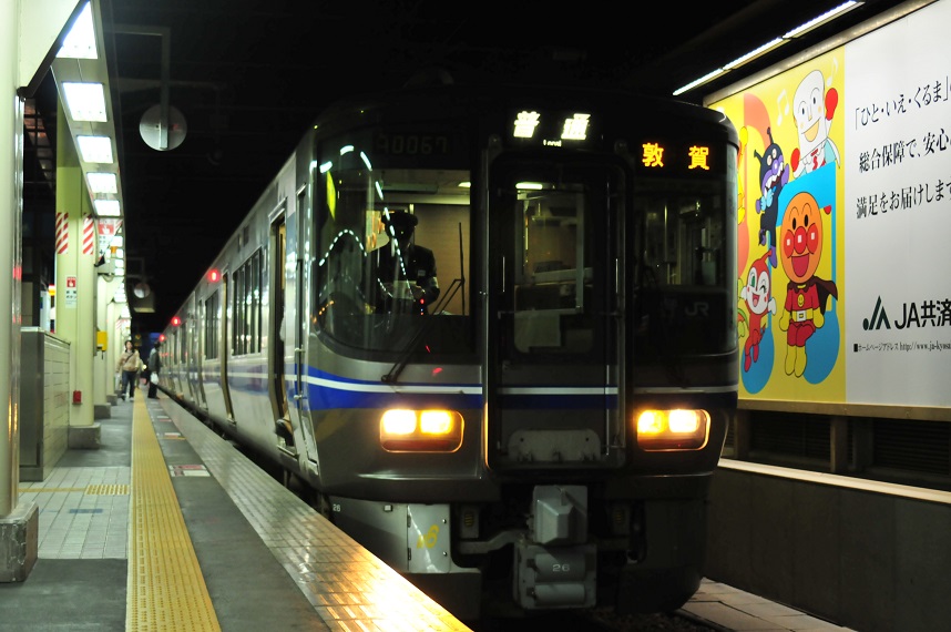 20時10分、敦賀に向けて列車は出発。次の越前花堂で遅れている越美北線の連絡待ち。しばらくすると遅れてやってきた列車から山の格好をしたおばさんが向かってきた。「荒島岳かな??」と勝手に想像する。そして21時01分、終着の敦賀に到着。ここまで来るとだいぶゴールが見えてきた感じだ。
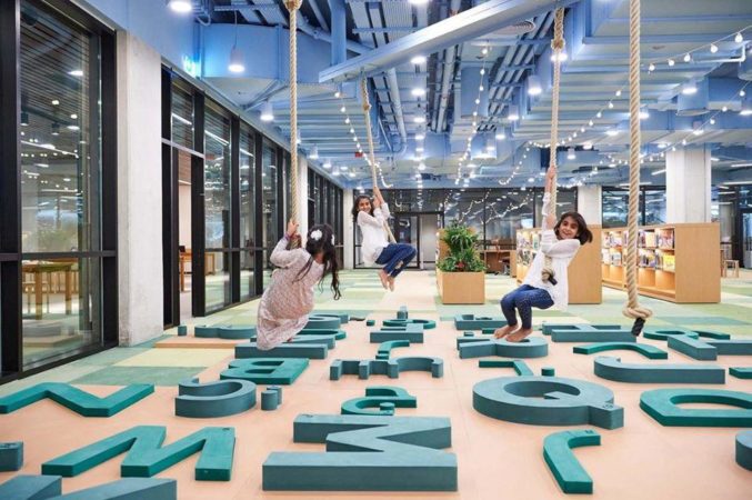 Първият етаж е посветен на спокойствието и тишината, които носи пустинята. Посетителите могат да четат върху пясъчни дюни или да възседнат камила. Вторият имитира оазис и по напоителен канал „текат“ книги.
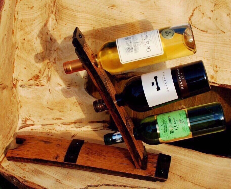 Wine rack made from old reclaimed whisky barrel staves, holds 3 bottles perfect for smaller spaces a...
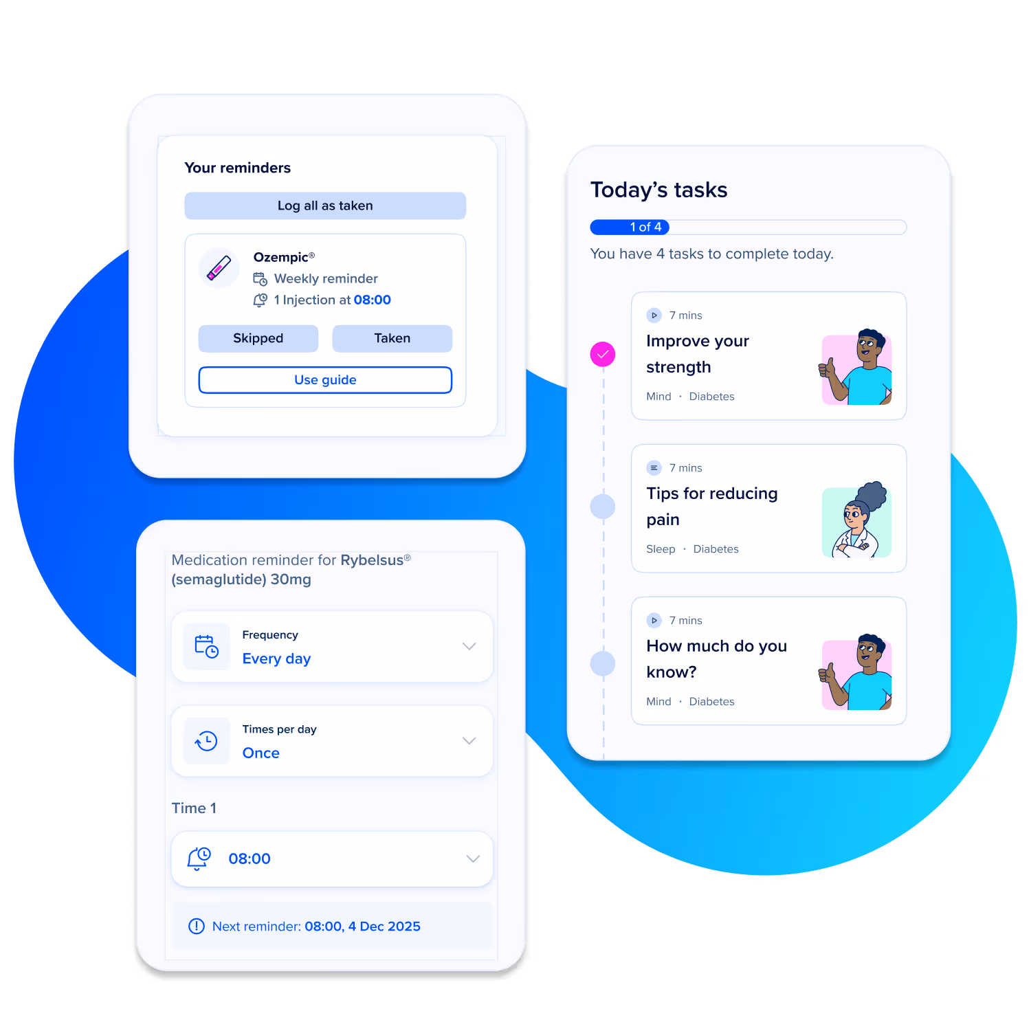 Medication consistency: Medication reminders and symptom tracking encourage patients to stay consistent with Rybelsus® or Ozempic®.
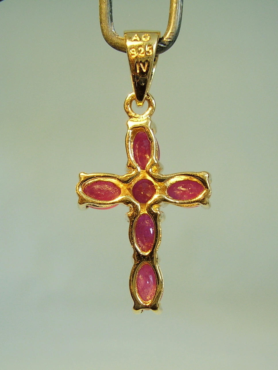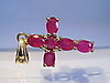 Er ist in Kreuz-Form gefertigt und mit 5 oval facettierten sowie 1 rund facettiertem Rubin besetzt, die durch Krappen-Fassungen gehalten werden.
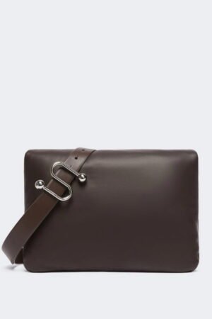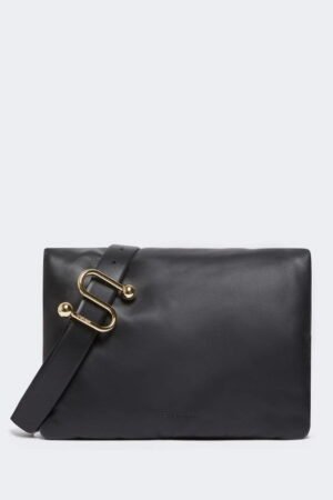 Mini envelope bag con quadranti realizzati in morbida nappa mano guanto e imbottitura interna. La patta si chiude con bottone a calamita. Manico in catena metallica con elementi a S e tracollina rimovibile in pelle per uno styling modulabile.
-------
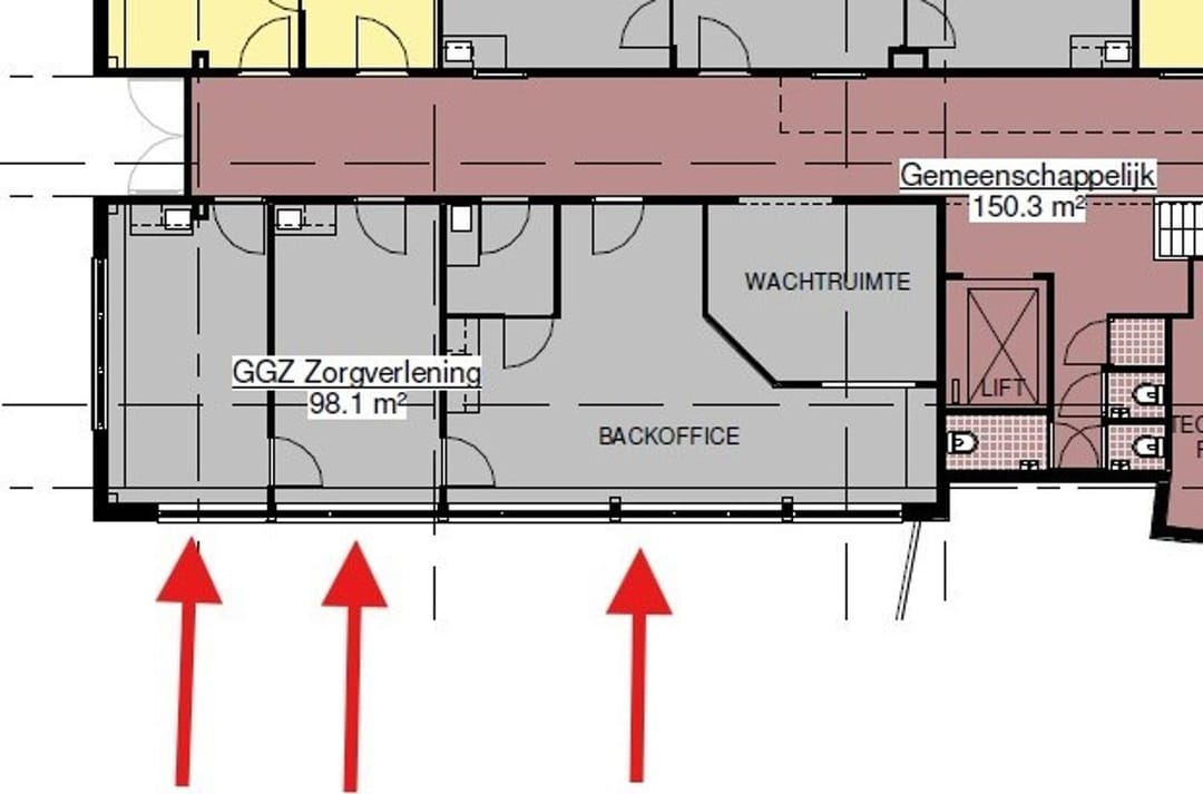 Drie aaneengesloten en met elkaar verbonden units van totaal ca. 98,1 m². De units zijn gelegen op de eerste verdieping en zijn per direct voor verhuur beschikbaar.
-------
What you return from the records above should be exactly everything from the line with "20時10分、敦賀に向けて列" down to the line with "Medication consistency: Medication", both kept, and no pictures.

## Result of this exercise:
 20時10分、敦賀に向けて列車は出発。次の越前花堂で遅れている越美北線の連絡待ち。しばらくすると遅れてやってきた列車から山の格好をしたおばさんが向かってきた。「荒島岳かな??」と勝手に想像する。そして21時01分、終着の敦賀に到着。ここまで来るとだいぶゴールが見えてきた感じだ。
 Първият етаж е посветен на спокойствието и тишината, които носи пустинята. Посетителите могат да четат върху пясъчни дюни или да възседнат камила. Вторият имитира оазис и по напоителен канал „текат“ книги.
 Wine rack made from old reclaimed whisky barrel staves, holds 3 bottles perfect for smaller spaces a...
 Medication consistency: Medication reminders and symptom tracking encourage patients to stay consistent with Rybelsus® or Ozempic®.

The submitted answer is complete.